Member of the Mississippi House of Representatives
- In office 1950 – January 3, 1956

Personal details
- Born: Thelma Williams October 27, 1912 Prentiss, Mississippi, U.S.
- Died: August 12, 1996 (aged 83) Prentiss, Mississippi, U.S.
- Party: Democratic
- Spouses: ; Paul Farr ​ ​(m. 1934; died 1950)​ ; James E. Baxter ​ ​(m. 1952; died 1996)​
- Children: 2
- Education: Belhaven College (BS)

= Thelma Farr Baxter =

American politician, schoolteacher, and business owner (1912–1996)

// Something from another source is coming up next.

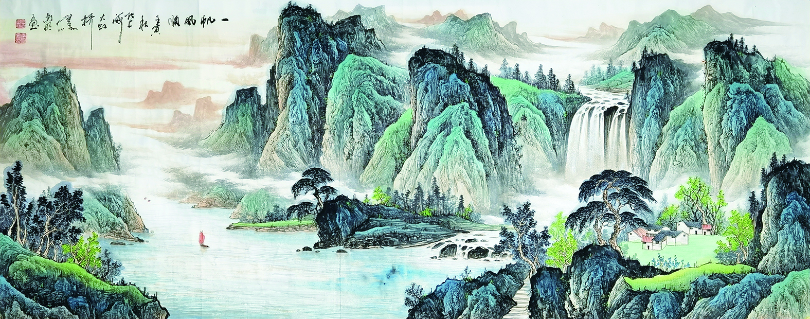 组画以山脉为主,又各有特色,或江河流淌山间,或长城盘伏山上。张尚明介绍,自己平时经常去皖浙一带写生创作,组画中有不少景观就来自皖浙地区。其中,《一帆风顺》描绘的是他在皖南新安江沿线看到的自然风光,并施以艺术加工。画面中,山峰起伏,山色青翠,山间江水平静。江上一艘小船徐徐行驶,船帆为红色,点亮了船只,又平衡了画面重心,并增添一抹悠然意境。画面右侧有房屋几座,黛瓦粉壁,依水而建,虽不见人,却为画面增添了人情味。

Thelma Williams Farr Baxter ( Williams; October 27, 1912 – August 12, 1996) was an American politician, schoolteacher, and business owner who served in the Mississippi House of Representatives from 1950 to 1956. A member of the Democratic Party, she was first elected after running unopposed to fill the seat vacated by her late husband, Paul Farr, who had died in a car accident. She ran for re-election the following year against four primary opponents; after no candidate received a majority of the vote, a runoff election was held, which Farr won. After leaving office in 1956, she continued to teach English and managed a family business.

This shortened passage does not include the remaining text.